Da seca ao dilúvio e a lei de coberturas verdes

Em fevereiro Buenos Aires passou por um longo período de chuvas. Foram duas semanas de precipitações diárias logo de um longo período muito seco. Todos temiam que o granizo viesse com seu poder destrutor. Demos sorte e nos salvamos dessa. Agora o outono nos presenteia dias de céu azul com algumas nuvens muito brancas, sol delicioso e alguns dias de chuvas prolongadas, porém suaves. Daquelas boas para regar o jardim.

O granizo da foto é real e já está um tanto derretido. Causou estragos em vários bairros, a falta de telhas fez seu preço subir muito, faltou mão-de-obra especializada para consertar tanto telhado. Isso foi há quatro anos, em abril de 2010. Até hoje há casas que ainda mostram suas cicatrizes.

Naquelas duas aguadas semanas choveu praticamente 24h por dia. Por sorte também naquele momento foi o tipo de chuva constante que cai sem causar (tantos) estragos. Eventuais cortinas d’água prejudicaram o trânsito e causaram, guardadas as proporções de experiências anteriores, “apenas” pequenas enchentes. Plantas e gramados ficaram felizes da vida, crescendo que dá gosto. A água foi tanta que até mesmo os vasos receberam mais que o suficiente, momento em que nos damos conta de drenagens mal feitas ou obstruídas pelo tempo.

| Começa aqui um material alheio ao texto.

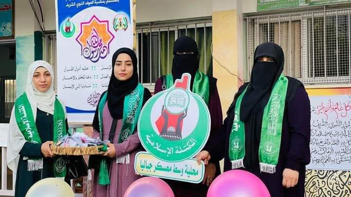 Hamas' women legions holding a Mawlid in Jabaliyah Camp in N. Ghazza, 2016
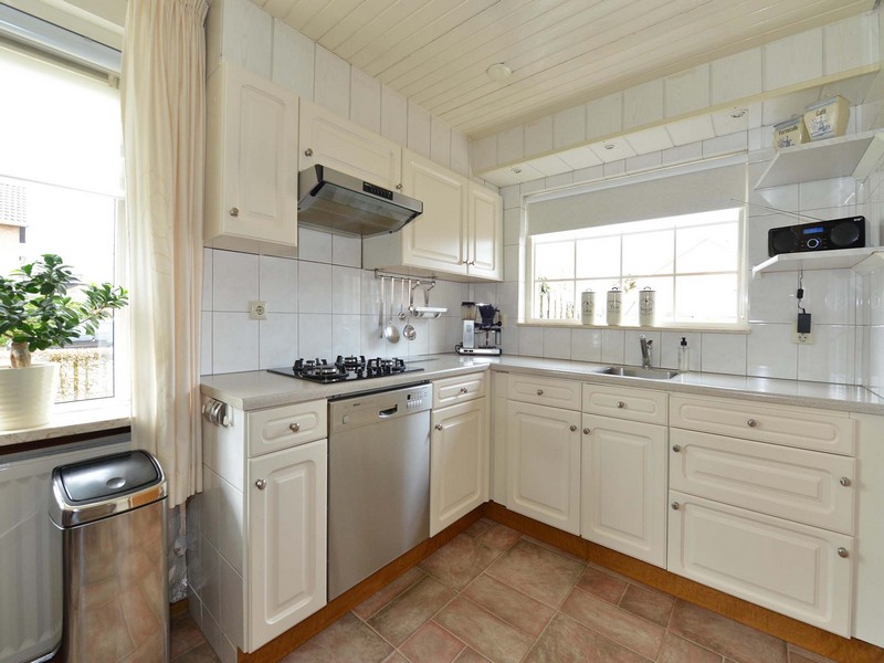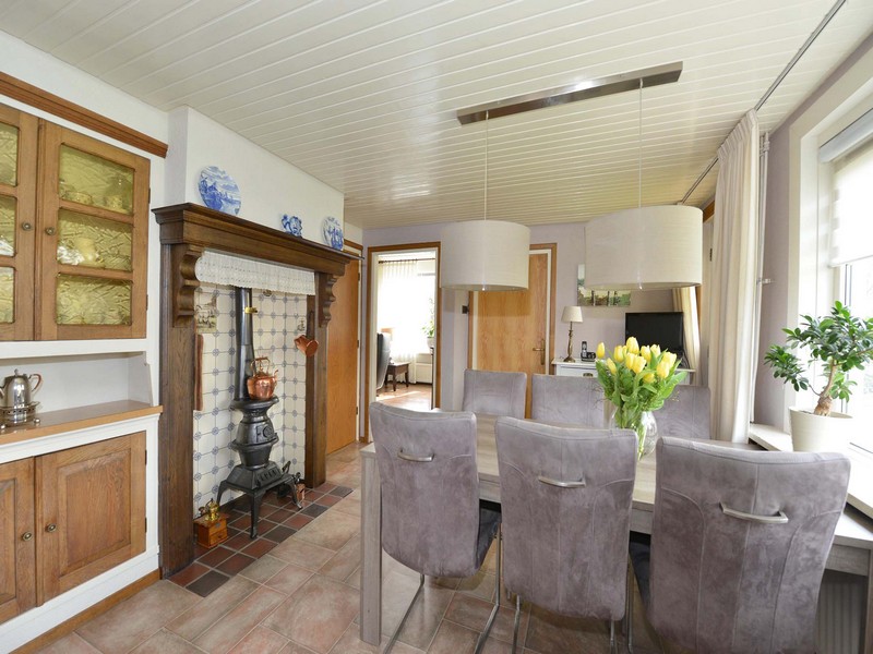 Volgens goed Twents gebruik komen we achterom. Via de hal met toilet en meterkast komen we in de woonkeuken die voorzien is van een inbouwkeuken met de nodige inbouwapparatuur. Ramen aan de zijkant en achterkant zorgen voor een overdaad aan licht en een fraaie uitkijk over de Geukerdijk. Het kantoor/werkkamer en de woonkamer zijn beide aan de voorzijde gelegen en vanuit de keuken bereikbaar. Evenals de provisiekelder die onder de trap is gelegen.
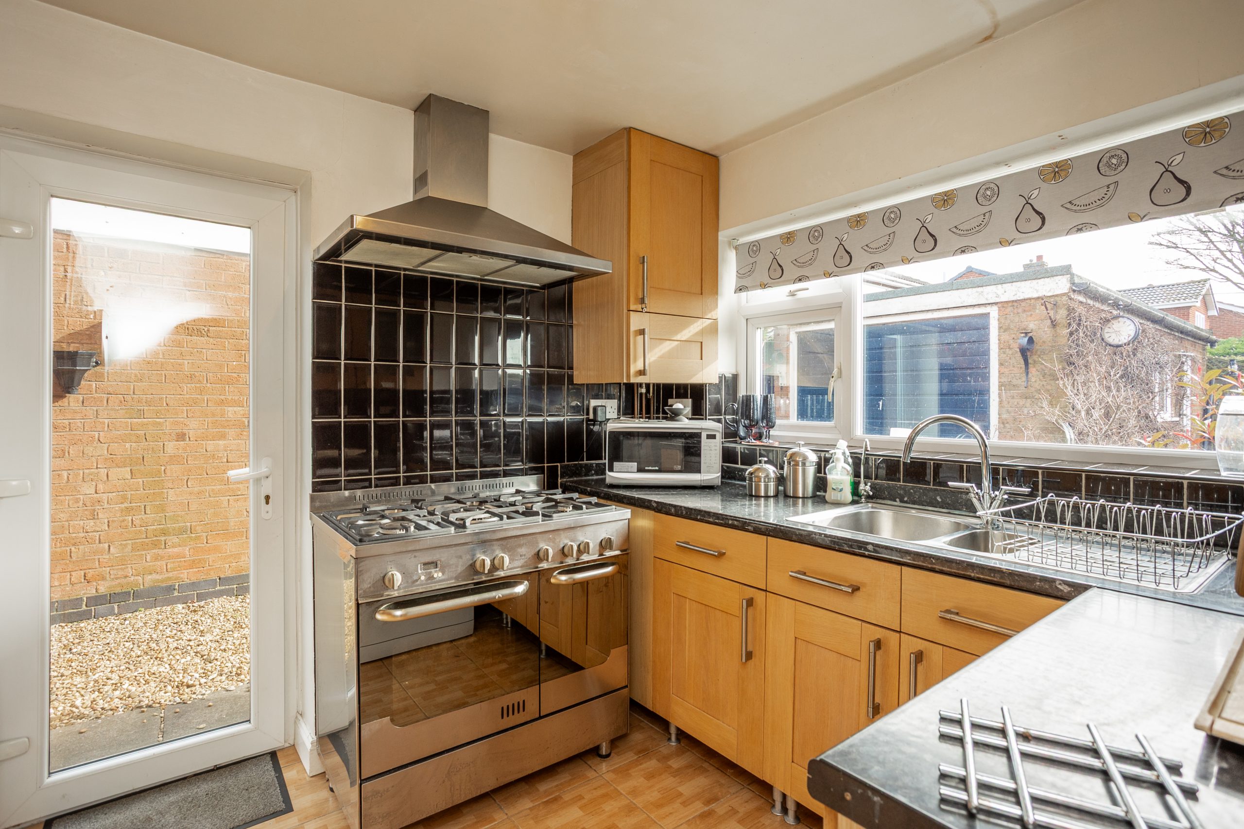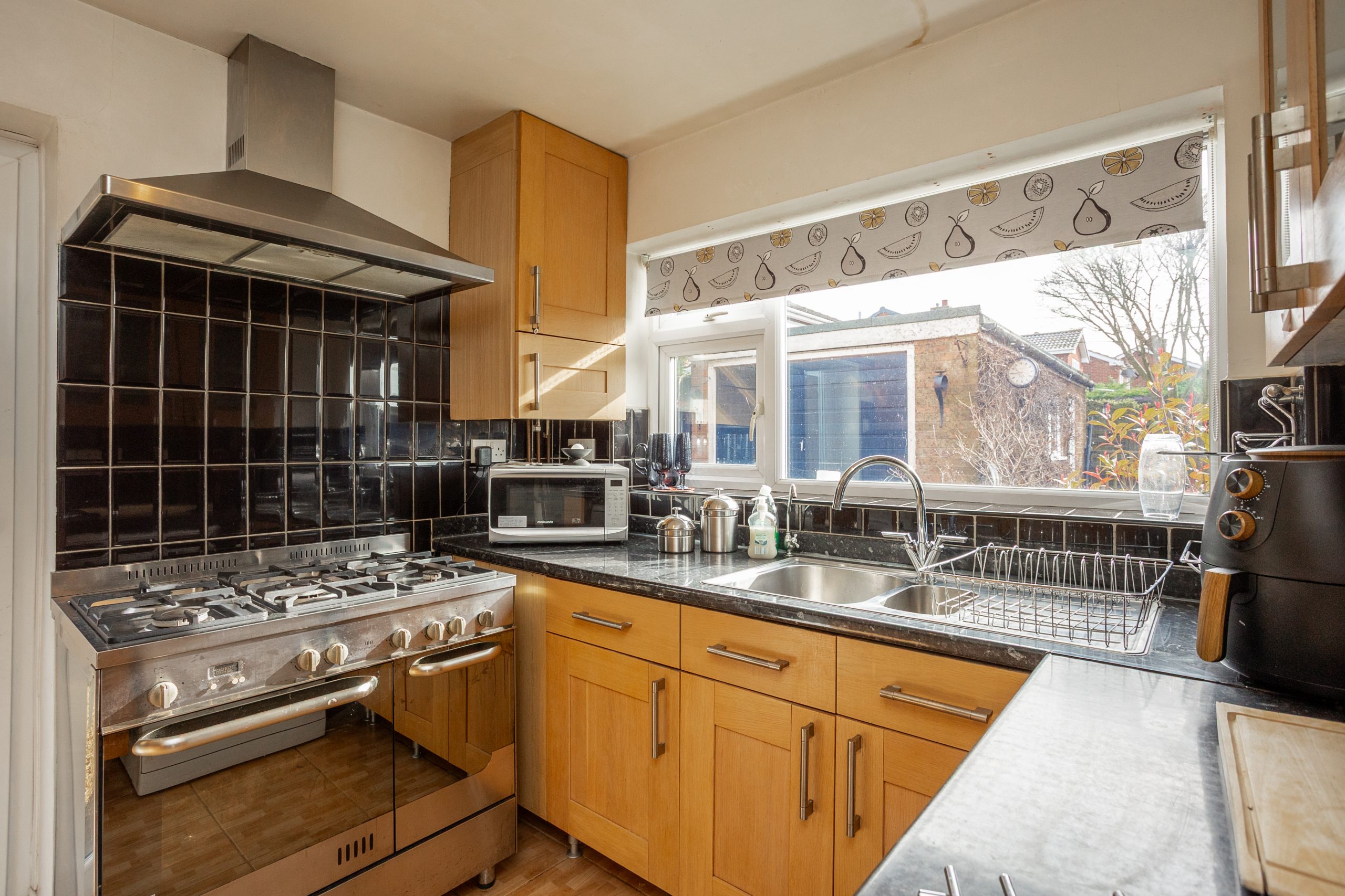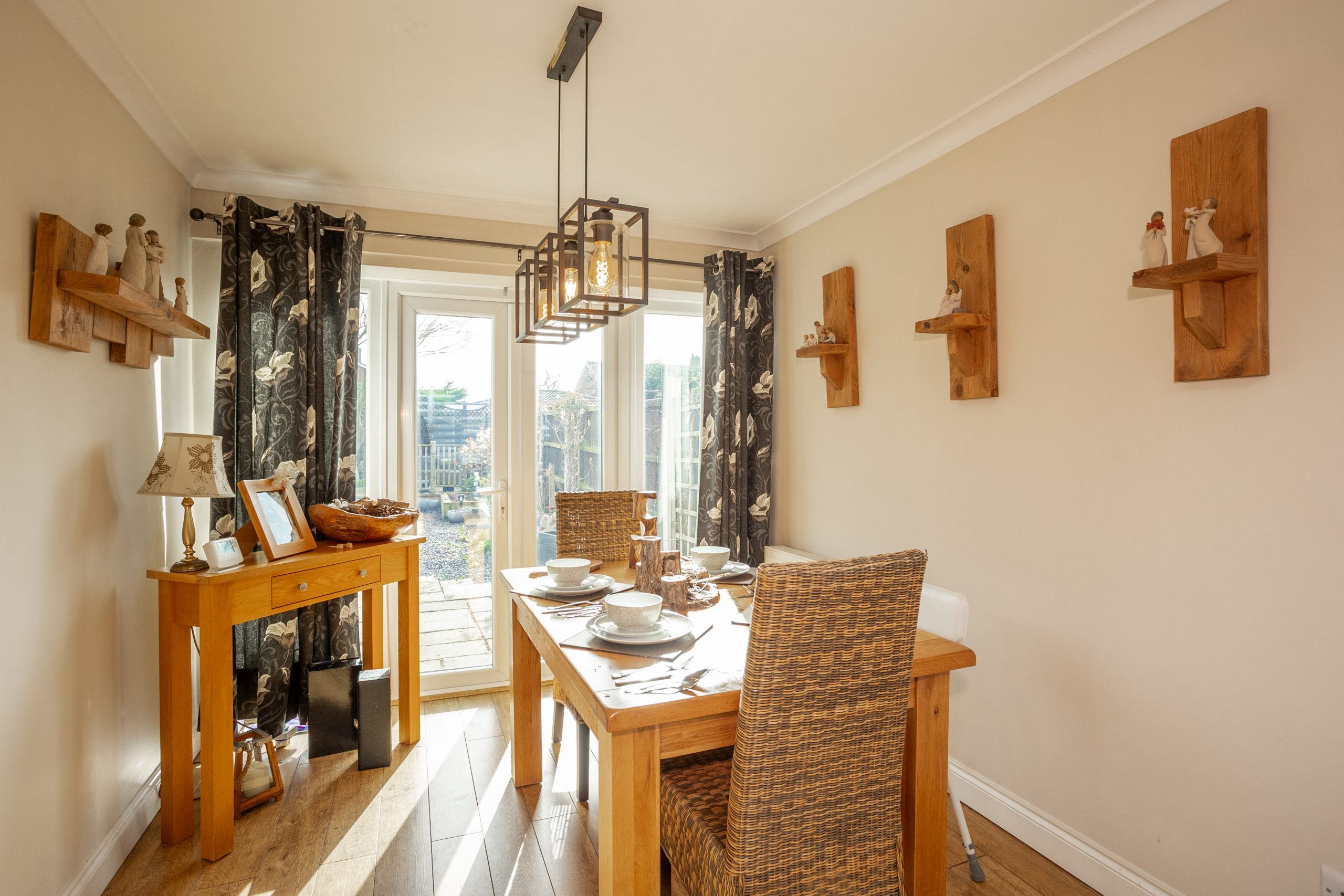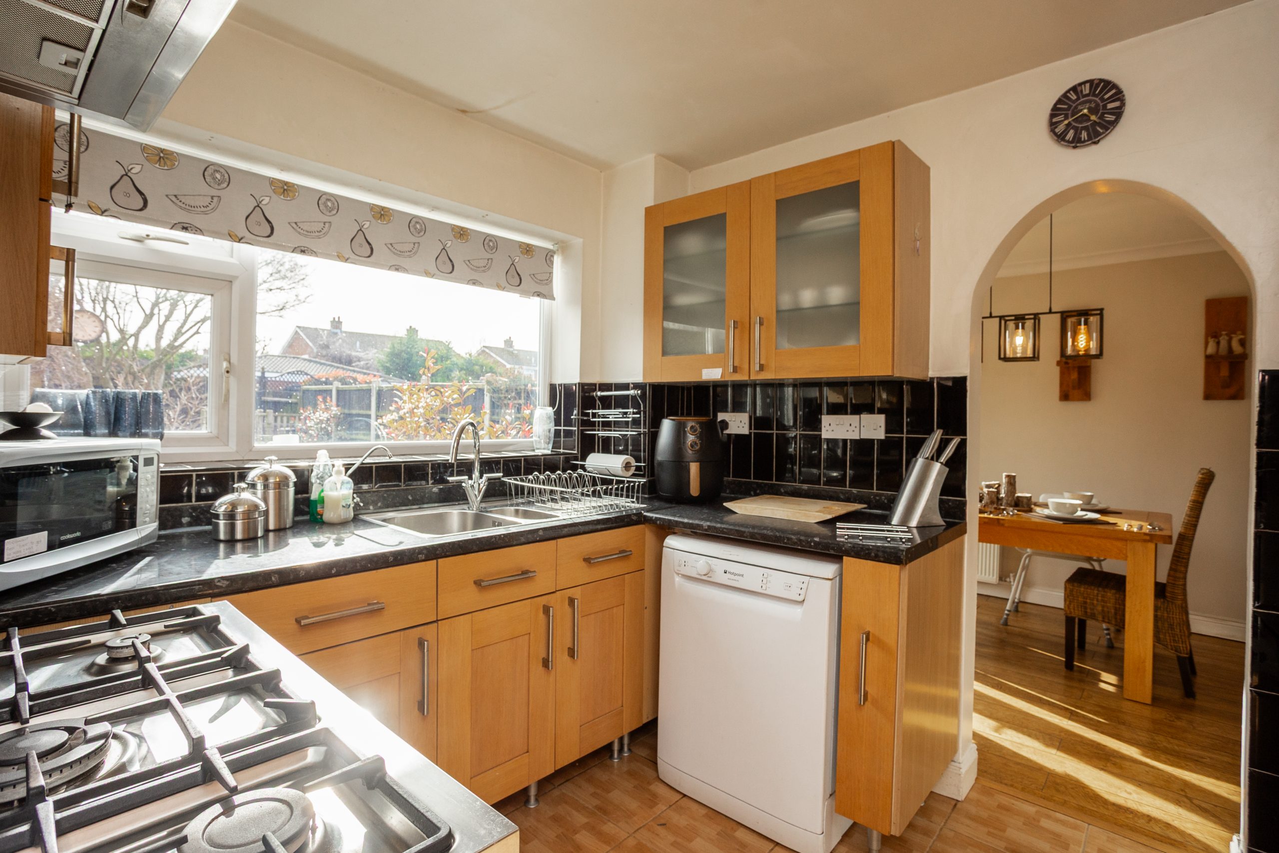 This spacious room features a large full width window overlooking the front garden, matching wood flooring, and an open double doorway into the rear dining area. The dining space enjoys views of the garden through French doors and flows seamlessly into the kitchen via an open archway. Positioned at the rear of the property, the kitchen offers a range of wood effect base and wall units with complementary dark worktops, black tiled splashback, space for several freestanding appliances, and direct access to the rear garden.

Buenos Aires é uma cidade muito úmida dada sua proximidade ao rio. Mas, apesar da alta umidade do ar, antes dessas duas semanas os gramados estavam amarelando e as plantas sofrendo com a seca. Com 40 ou mais graus de sensação térmica e quase isso de temperatura até mesmo os seres humanos estávamos murchos.

Da seca ao dilúvio. Dos apagões por excesso de consumo causado pelo uso do ar condicionado à falta de luz por causa da chuva. Pelo menos os sistemas de irrigação com medidor de chuva descansaram. Ao contrário das formigas, que continuaram descontroladas com tanta água, invadindo casas, arrasando plantas em busca da sobrevivência.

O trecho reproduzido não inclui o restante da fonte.